Childhood tales of terror.
A seven-year-old boy doesn’t believe
in Santa Claus. He believes in Satan, though,
hears him in or just outside his head,
commanding him to kill others and himself.
He wants to kill himself before the Devil does it.
I ask him if the voice sounds like anyone.
He says, like reading a primer, “It’s my Dad’s voice.”
Calm and cool: “My Dad’s the Devil.”
My notes will read: “Extremely flat affect.
Severe trauma history likely, though
no family history available; therefore
it is difficult to differentiate between
psychotic process and severe
dissociative symptoms amounting
to hallucinosis, secondary
to post-traumatic stress.”
Satan told the boy to stab the teacher
with her own sharp scissors.
This time he tried to obey. I send him
to a psych ward full of other kids.
Before the silent ambulance arrives,
I tell him he’s been brave to fight the voice
so hard, so long, and all alone.
I tell him safe grownups will help him now.
I hope it is true.
A week later I meet his sister,
five years old, tiny, sweet, smiling.
She’d set a pillow on fire
as her foster sister was sleeping on it.
She figured that the grownups
would send her back to her parents
if she burned the foster home and all within it.

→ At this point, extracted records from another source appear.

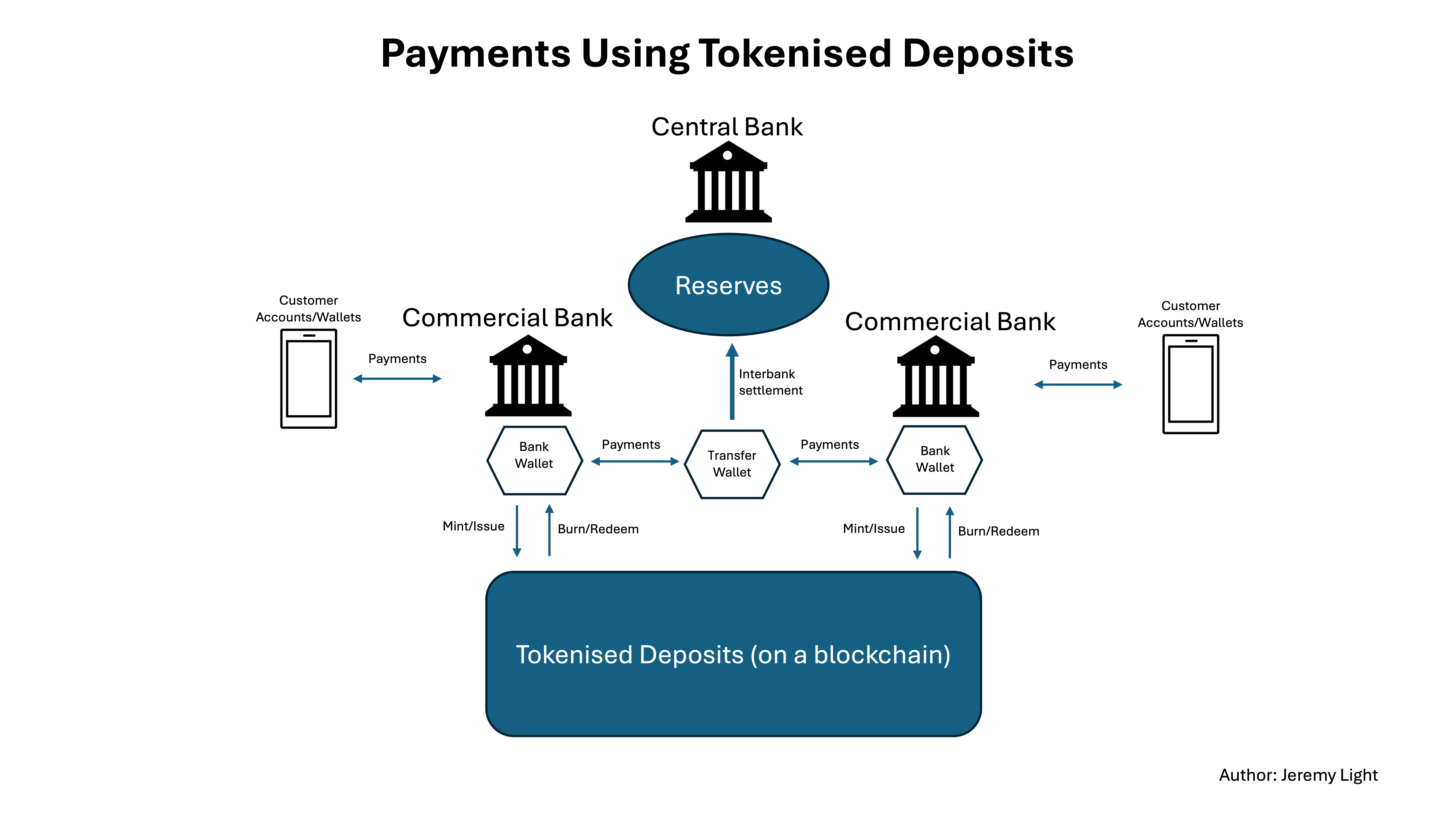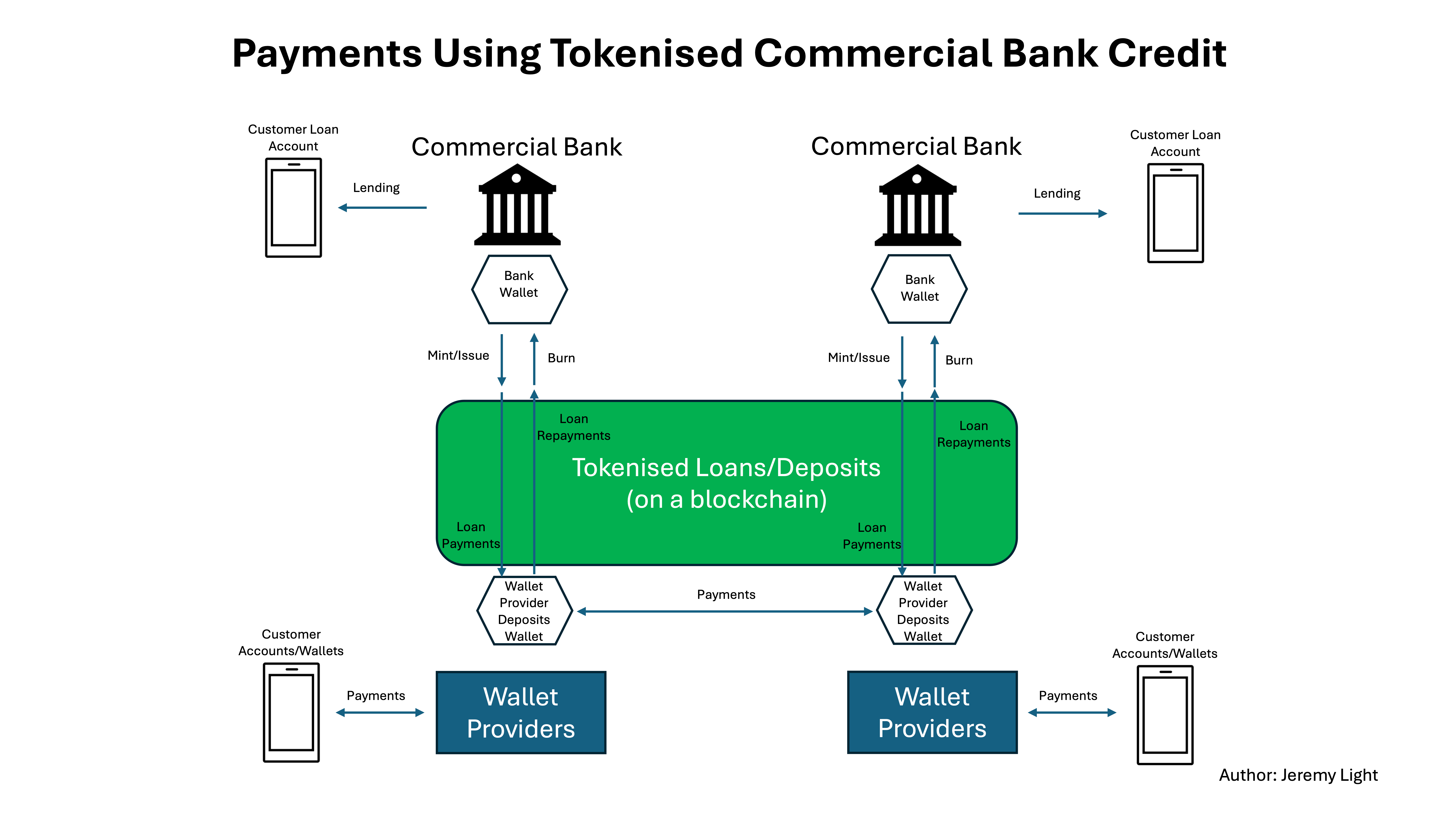 Commercial banks have wallets on the same blockchain and issue tokens on it to the value of each loan they make. The loans are credited to the borrower for use in payments. Consumers and business have wallets to make payments over the blockchain. Loans are repaid by the borrower by sending tokens to their lender, who burns them to extinguish the loan.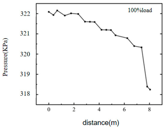 In this section, the unidirectional fluid-structure coupling method is used to simulate the reactor structure strength, considering the influence of flow field pressure and temperature changes. In order to make effective use of computing resources, the urea hydrolysis reaction is omitted in the following simulation calculation. Figure 9 shows the manual selection of 18 cross-sections with different spacing, mainly guided by the location of the catalyst layer. The overall pressure distribution and reactor pressure changes along the path are shown in Figure 10 and Figure 11. When the waste gas flows through the mixer, under the action of the baffle, the cross-sectional area of the flow channel changes, the flow rate increases, and the pressure decreases. Thereafter, the pressure will rise somewhat under the influence of the exhaust disturbance, and the static mixer and other diversion devices together cause an increase in the pressure loss of the SCR system. When the tail gas flows through the catalyst layer, the pressure decreases and changes linearly under the action of catalyst resistance, which follows Darcy’s law. According to Bernoulli’s principle, the flow rate of the engine exhaust increases, the pressure decreases in the retracted section of the reactor, and the change rate is higher than that in the expanded section.
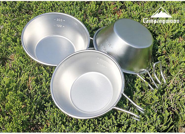- Trọng lượng: 92g Chén ăn dã ngoại Campingmoon được làm bằng Thép không rỉ 304 an toàn cho sức khoẻ, thiết kế có quai treo có thể treo móc lên ba lô, túi xách, tiện dùng đi cắm trại dã ngoại. Trọng lượng nhẹ và có thể xếp chồng lên nhau tiết kiệm diện tích.
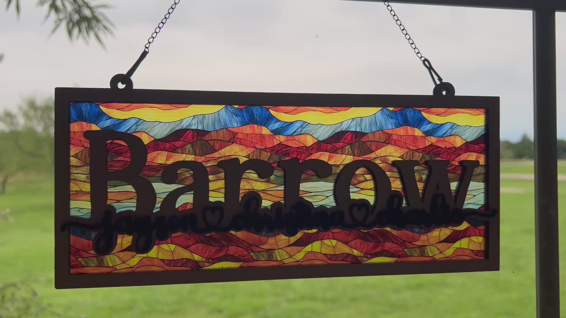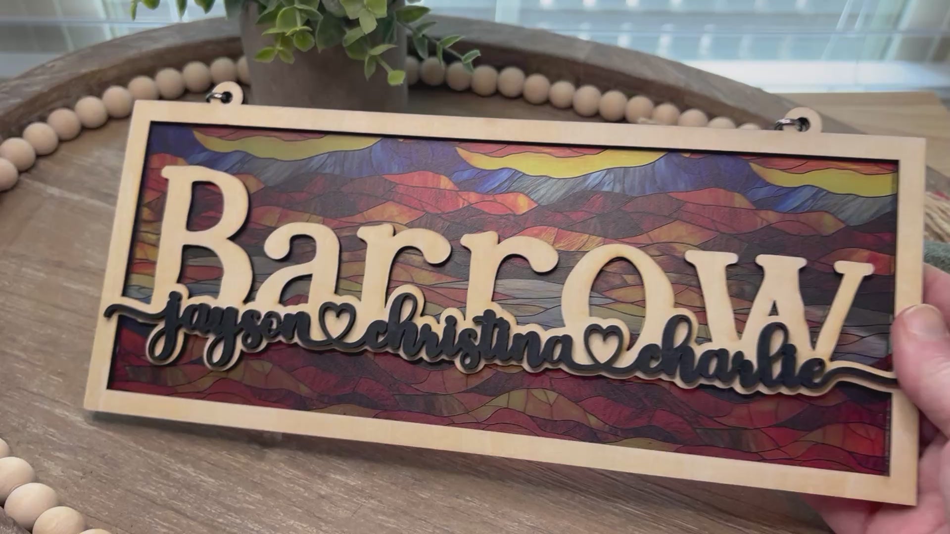 Designed with care and precision, our suncatcher features a harmonious blend of natural wood and vibrant acrylic, simulating the stunning stained glass effect without compromising the rustic appeal. Each piece is meticulously crafted, ensuring that no two are exactly alike—just like your family. It's a wonderful gift for anyone who values uniqueness and the beauty of handcrafted art. Imagine the delight on their faces as they see their family name beautifully incorporated into the design, making it truly their own.

She told me she had watched her father
dangle her brother in one hand
by the throat, until he pissed his pants
and lost all consciousness.
Who puts all the voices in the heads
that put the voices in the heads?
~ Wry Welwood,
late twentieth century,
re-edited May, 2021.
(The kids’ family had already been reported to the state. That’s why they were in foster homes. Too little, too late. There really are psych wards full of children, lots of them.)